A Review by David Claerbaut


Carl Bogus, (NY: Bloomsbury Press, 2011)

Carl Bogus, professor at Roger Williams University School of Law, is a self-confessed liberal who admired William F. Buckley, Jr. (WFB).  In a public speech, Bogus claimed that Buckley had six careers and was ragingly successful in every one.  He was a syndicated columnist (“On the Right”), churning out 5,600 columns in his lifetime, enough to fill 28 volumes.  He wrote 56 books, only 6 of which were collections of his columns.  His books spanned from politics to fiction to travel and received prestigious awards.

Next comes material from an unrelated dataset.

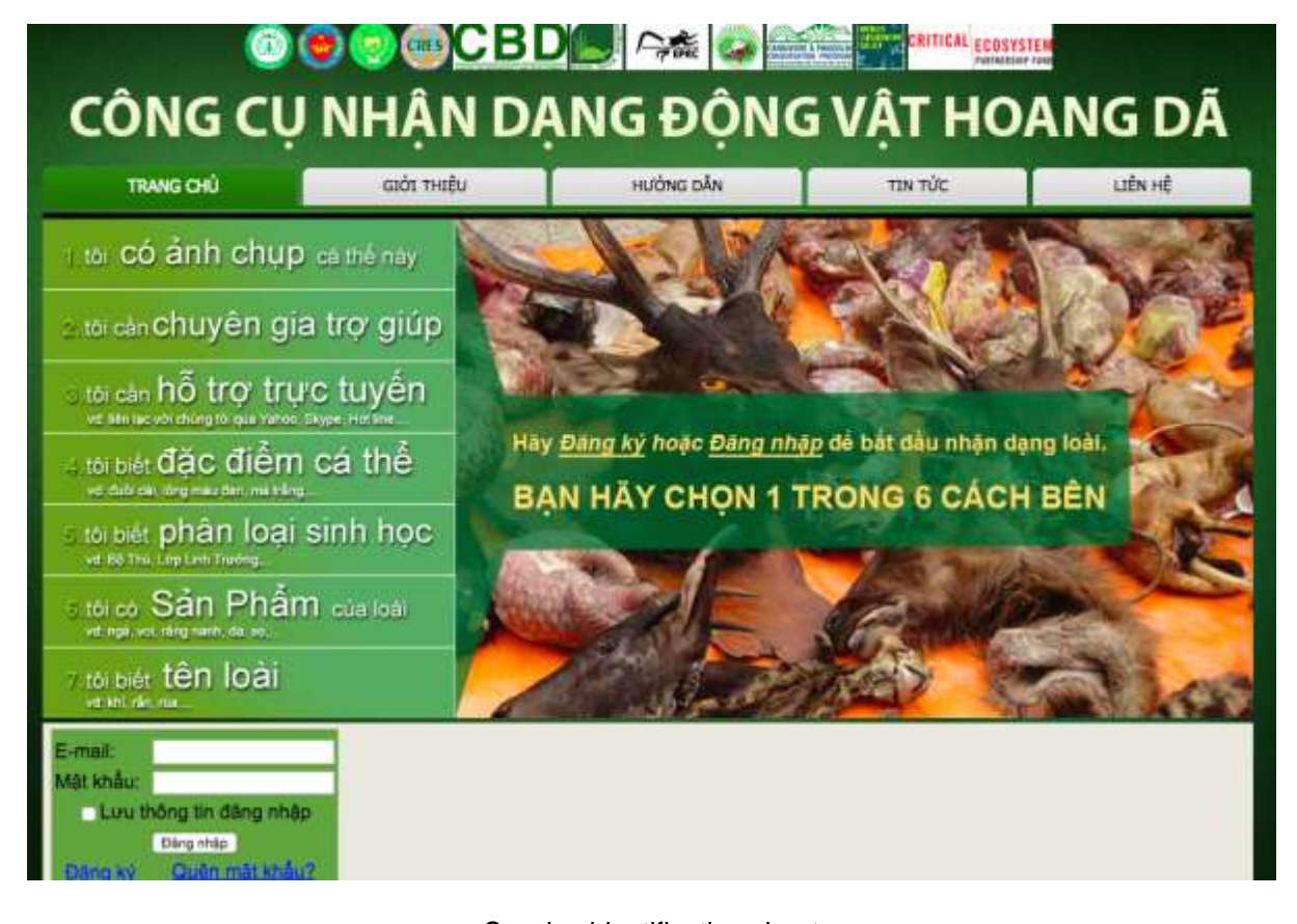
Species identification sheet

He wrote countless magazine articles for elite publications.  He gave an average of 70 speeches a year, donating much of his fees to his own publication, the National Review.  He holds the record for the longest running single TV host, having hosted the award-winning “Firing Line” from 1967-99.  Finally, he founded the National Review in 1955, serving as its editor until 1990 and maintaining control until 1999.  His publication redefined and led conservatism for decades.

It started in 1951, when the 25-year-old Ivy League graduate he wrote God and Man at Yale in which he excoriated his alma mater’s religion and economics departments.  It became a bestseller.  He was on the map and creating a stir. 

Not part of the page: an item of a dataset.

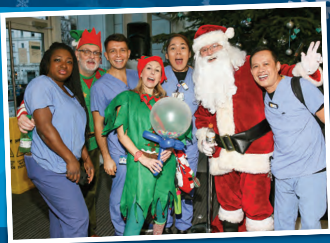
Festive fun at last year's event

Every year 4,000 santas descend on Victoria Park in east London for the famous Santa Dash. You could be one of them! Choose from a 5km or 10km distance to take part and raise a minimum of £100.00 for UCLH Charity. Email: uclh.enquiry.charity@nhs.net

Buckley was an enormously charming, witty, and charismatic character.  He ran for mayor of New York in 1965 on the Conservative Party ticket.  He wanted to reach a wider audience for conservatives and to extinguish the political career of liberal Republican, John Lindsay.  He hoped to drain away enough votes to sink Lindsay.

One could only imagine the horror of the Conservative Party officials when they heard his first press conference.  When asked if he wanted to be mayor, Buckley said, “I never considered it.”  If you win, will you serve?  “If elected I will serve.” 

Do you think you have a chance of winning?  “No.”

How many votes do you expect to get, conservatively speaking?  “Conservatively speaking, one.”

A week later he was asked what would be the first thing he would do if elected.  “Demand a recount.”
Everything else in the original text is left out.